The uncertain economic environment and rapidly evolving technology landscape have pressured organizations to improve efficiency, innovate, and adapt. Citizen developers have emerged as an approach to bridge the gap between technical expertise and domain knowledge. Those self-taught deeply understand their industry’s needs and pain points, enabling them to create tailored applications that address specific challenges. Citizen developers are a vital resource for organizations looking to streamline processes, increase efficiency, and reduce costs, whilst supporting business innovation and agile change. One can trace the emergence of citizen developers back to end-user computing in the late 20th century. However, the rise of the internet and subsequent development of low-code and no-code platforms, increasingly assisted by AI technologies, are democratizing software creation.

Who is a citizen developer?

Citizen developers are non-technical employees who take the initiative to develop software applications or automate business processes without relying on IT departments or specialized software engineers, if not for training and support. They use “low-code” tools and technologies to address personal or workgroup-level enterprise development and automation challenges that are key for them but not critical enough at the enterprise level to deserve the attention of central IT.

These individuals possess a deep understanding of their industry’s needs and pain points, enabling them to identify opportunities for development and automation that can drive efficiency and productivity within their organizations. Citizen developers are business technologists (that is, they have “enough” IT skills) who can and want to address development and automation tasks alone, by using low-cost or free cloud services.

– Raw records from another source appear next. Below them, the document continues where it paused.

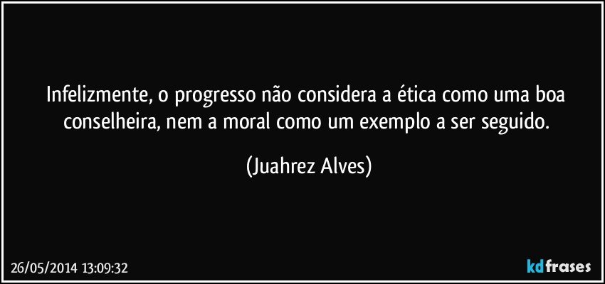 Infelizmente, o progresso não considera a ética como uma boa conselheira, nem a moral como um exemplo a ser seguido.
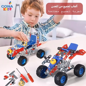 – القطع تشمل الأجزاء الأساسية مثل الصواميل، البراغي، العجلات، المحركات، والأجزاء الهيكلية التي تتيح للطفل تصميم سيارة أو موديلات أخرى.
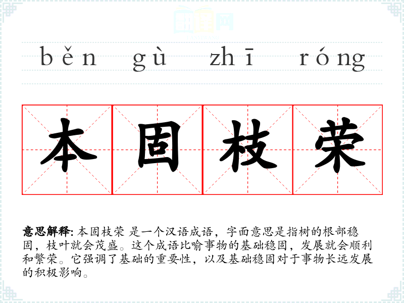 本固枝荣 是一个汉语成语,字面意思是指树的根部稳固,枝叶就会茂盛。这个成语比喻事物的基础稳固,发展就会顺利和繁荣。它强调了基础的重要性,以及基础稳固对于事物长远发展的积极影响。
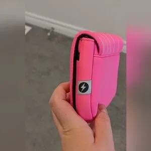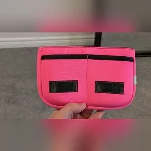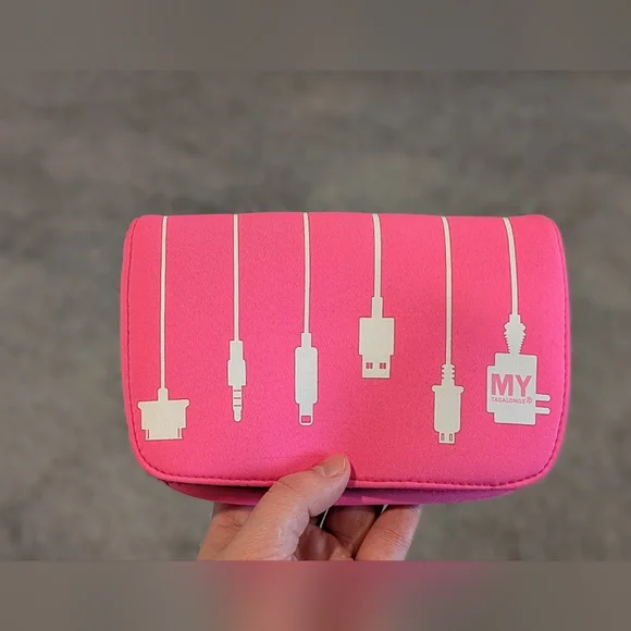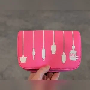 Stylish pink pouch with tech-themed design. Perfect for organizing cables and gadgets.
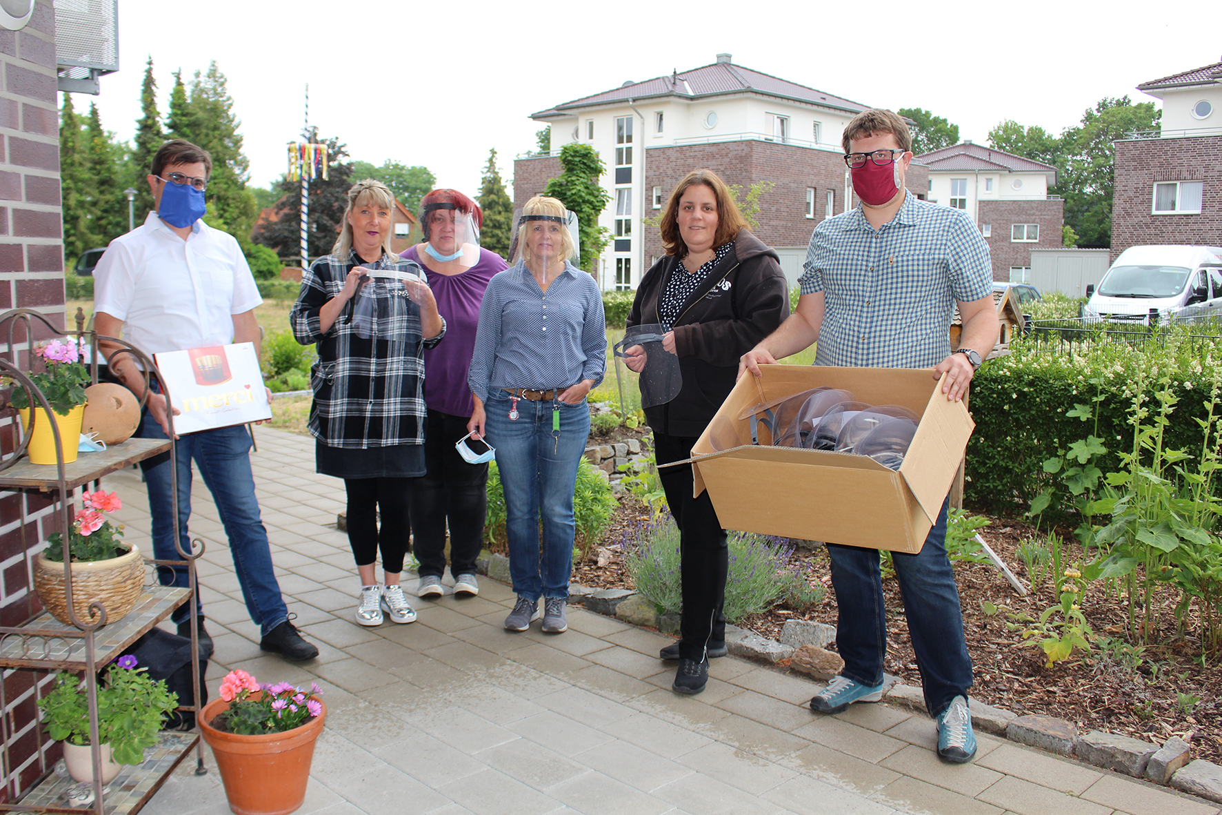 Die Pflegerin Martina Ebeling hat aus der Presse vom Engagement des Labors erfahren. Sie wandte sich an die Laboringenieurin Stefanie Wibbeler und schilderte ihr die Lage in der Pflegeeinrichtung: „Seit zweieinhalb Monaten sind wir in Kurzarbeit, viele im Team sind alleinerziehend und deshalb auch Alleinverdienerinnen. Von Gesichtsschilden erhoffen wir uns zusätzlichen Schutz und auch mehr Tragekomfort.“ Nach wenigen Wochen hielten die Mitarbeiterinnen der Tagespflege Atterhof ihre Spende in der Hand. „Wir sind dem Hochschulteam sehr dankbar für diese tolle Hilfe“, sagt Susanne Kandelhardt: „Auch für unsere Seniorinnen und Senioren ist das eine große Unterstützung: Viele hören nicht mehr gut und lesen von den Lippen. Außerdem können wir nun wieder unser ganzes Gesicht zeigen, was die nonverbale Kommunikation und das Miteinander sicher erleichtert.“

Characterized by the low cost of entry, short learning curves, minimal training requirements, intuitive (often conversational) UIs, and AI-assisted high productivity, these tools empower users to excel.

Their goal is to:

  • Improve efficiency by automating their own or their workgroup’s formal or informal processes
  • Respond quickly to opportunities and threats (business agility)
  • Introduce new creative ways of doing their job (innovation)
  • Collect and aggregate the data they need to steer their activity or make operational decisions (insights)
  • Interact with the enterprise systems in a simplified, optimized, and personalized way (experience)

The key point is that they are enabled to achieve these goals at the micro-organizational level (department, workgroup, or even individual), whereas the central IT department focuses on the macro, organization-wide issues.

The implications

Enterprise automation technology providers increasingly offer tools tailored to citizen developers, making them easily and widely accessible through low-cost or free cloud services. While citizen developers can improve micro-efficiency, business agility, and innovation, they also present risks, such as security, compliance, privacy, data quality, duplication of efforts and technologies, and mounting technical debt.